## The problem:
Quote the data exactly, first line to the line containing "Schichtarbeiten und bin", with no pictures.

:: Data extracts

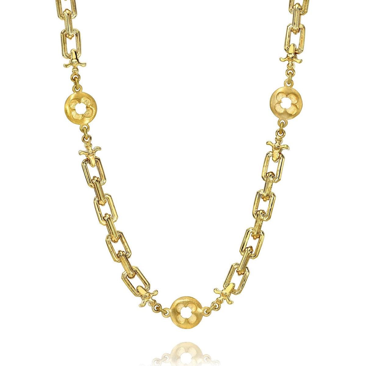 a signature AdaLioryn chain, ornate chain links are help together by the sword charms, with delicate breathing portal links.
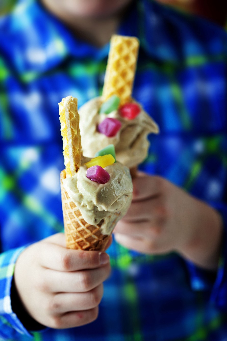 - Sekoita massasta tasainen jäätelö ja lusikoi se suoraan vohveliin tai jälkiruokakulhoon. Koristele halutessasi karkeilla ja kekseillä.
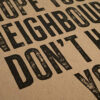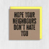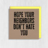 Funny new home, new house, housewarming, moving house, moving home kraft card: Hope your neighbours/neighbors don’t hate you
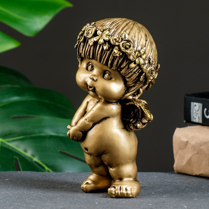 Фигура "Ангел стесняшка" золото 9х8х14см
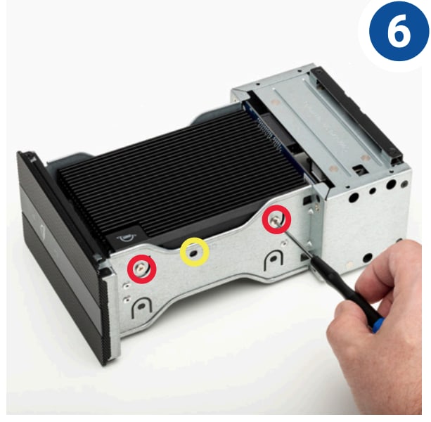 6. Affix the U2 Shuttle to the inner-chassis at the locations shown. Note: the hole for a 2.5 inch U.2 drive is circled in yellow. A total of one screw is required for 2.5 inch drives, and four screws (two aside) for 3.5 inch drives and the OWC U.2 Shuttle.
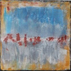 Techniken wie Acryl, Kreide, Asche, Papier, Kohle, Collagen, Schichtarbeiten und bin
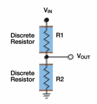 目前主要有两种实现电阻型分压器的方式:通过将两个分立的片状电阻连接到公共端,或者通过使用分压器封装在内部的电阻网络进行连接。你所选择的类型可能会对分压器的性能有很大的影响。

::::

## Finished task:
 a signature AdaLioryn chain, ornate chain links are help together by the sword charms, with delicate breathing portal links.
 - Sekoita massasta tasainen jäätelö ja lusikoi se suoraan vohveliin tai jälkiruokakulhoon. Koristele halutessasi karkeilla ja kekseillä.
 Funny new home, new house, housewarming, moving house, moving home kraft card: Hope your neighbours/neighbors don’t hate you
 Фигура "Ангел стесняшка" золото 9х8х14см
 6. Affix the U2 Shuttle to the inner-chassis at the locations shown. Note: the hole for a 2.5 inch U.2 drive is circled in yellow. A total of one screw is required for 2.5 inch drives, and four screws (two aside) for 3.5 inch drives and the OWC U.2 Shuttle.
 Techniken wie Acryl, Kreide, Asche, Papier, Kohle, Collagen, Schichtarbeiten und bin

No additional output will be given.